=== Given data ===

►

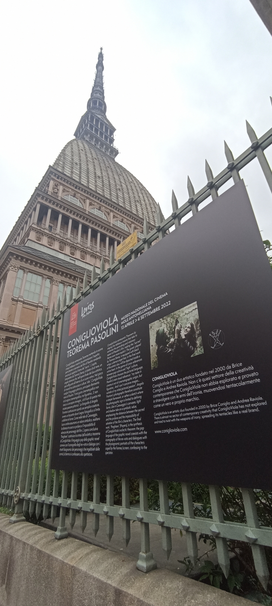 Il Museo Nazionale del Cinema ricorda Pier Paolo Pasolini, nel centesimo anniversario dalla sua nascita, con il progetto artistico ConiglioViola Teorema Pasolini, realizzato dal duo artistico ConiglioViola e ospitato dal 13 aprile al 4 settembre 2022 sulla cancellata esterna della Mole Antonelliana: un tributo a Pasolini che al tempo stesso vuole svelare un’inedita lettura del suo cinema che ancora oggi offre nuove e inaspettate chiavi interpretative.
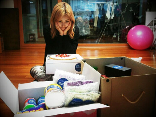 사진 속 편안한 차림으로 거실에 앉아 선물 꾸러미 앞에 앉아 있다. 그는 화장하지 않은 수수한 민낯으로 선물앞에서 감격스러운 표정으로 짓고 있다.
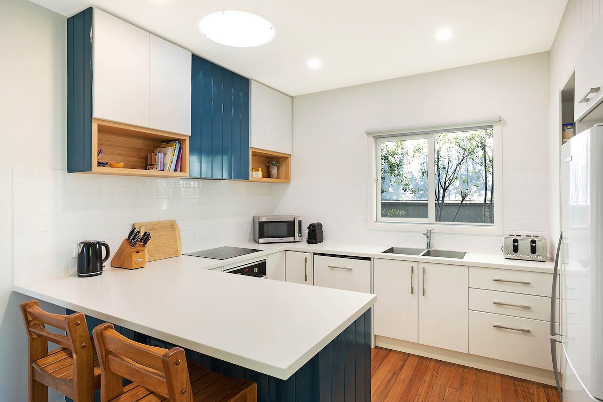 Delightful 3 bedroom 1890 cottage in Bega. Tastefully renovated with all modern facilities, excellent kitchen, large fenced garden and walking distance to cafes, shops and town centre. Comfortably sleeps 5, but can sleep 6. Wood burning stove for the cooler months. Pet friendly. There are steps from the driveway and at front path so reasonable is mobility required. Please note there is no wifi but phone reception is generally good.
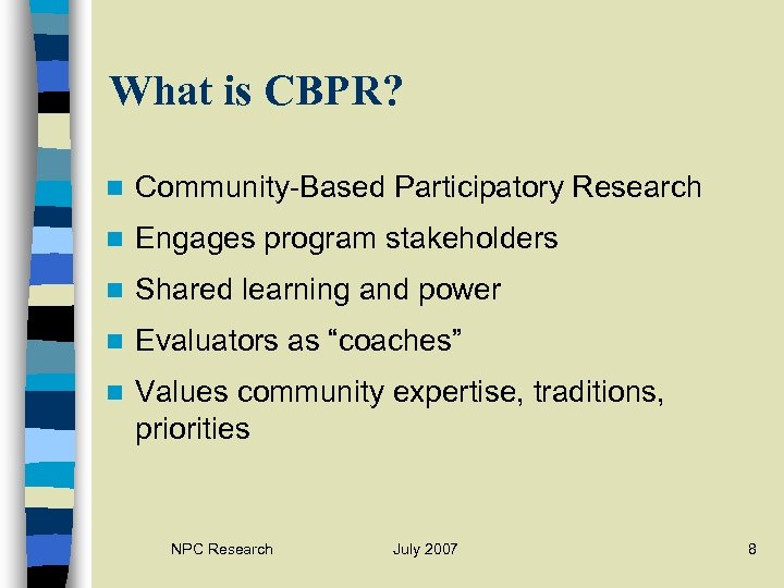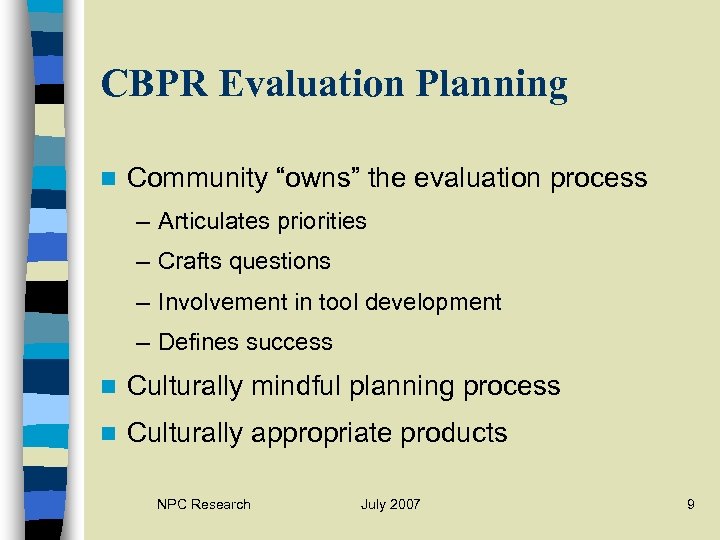 What is CBPR? n Community-Based Participatory Research n Engages program stakeholders n Shared learning and power n Evaluators as “coaches” n Values community expertise, traditions, priorities NPC Research July 2007 8

◄

=== Requirement ===
Would you reproduce the listing above exactly, without any of its images?

=== Solution ===
 Il Museo Nazionale del Cinema ricorda Pier Paolo Pasolini, nel centesimo anniversario dalla sua nascita, con il progetto artistico ConiglioViola Teorema Pasolini, realizzato dal duo artistico ConiglioViola e ospitato dal 13 aprile al 4 settembre 2022 sulla cancellata esterna della Mole Antonelliana: un tributo a Pasolini che al tempo stesso vuole svelare un’inedita lettura del suo cinema che ancora oggi offre nuove e inaspettate chiavi interpretative.
 사진 속 편안한 차림으로 거실에 앉아 선물 꾸러미 앞에 앉아 있다. 그는 화장하지 않은 수수한 민낯으로 선물앞에서 감격스러운 표정으로 짓고 있다.
 Delightful 3 bedroom 1890 cottage in Bega. Tastefully renovated with all modern facilities, excellent kitchen, large fenced garden and walking distance to cafes, shops and town centre. Comfortably sleeps 5, but can sleep 6. Wood burning stove for the cooler months. Pet friendly. There are steps from the driveway and at front path so reasonable is mobility required. Please note there is no wifi but phone reception is generally good.
 What is CBPR? n Community-Based Participatory Research n Engages program stakeholders n Shared learning and power n Evaluators as “coaches” n Values community expertise, traditions, priorities NPC Research July 2007 8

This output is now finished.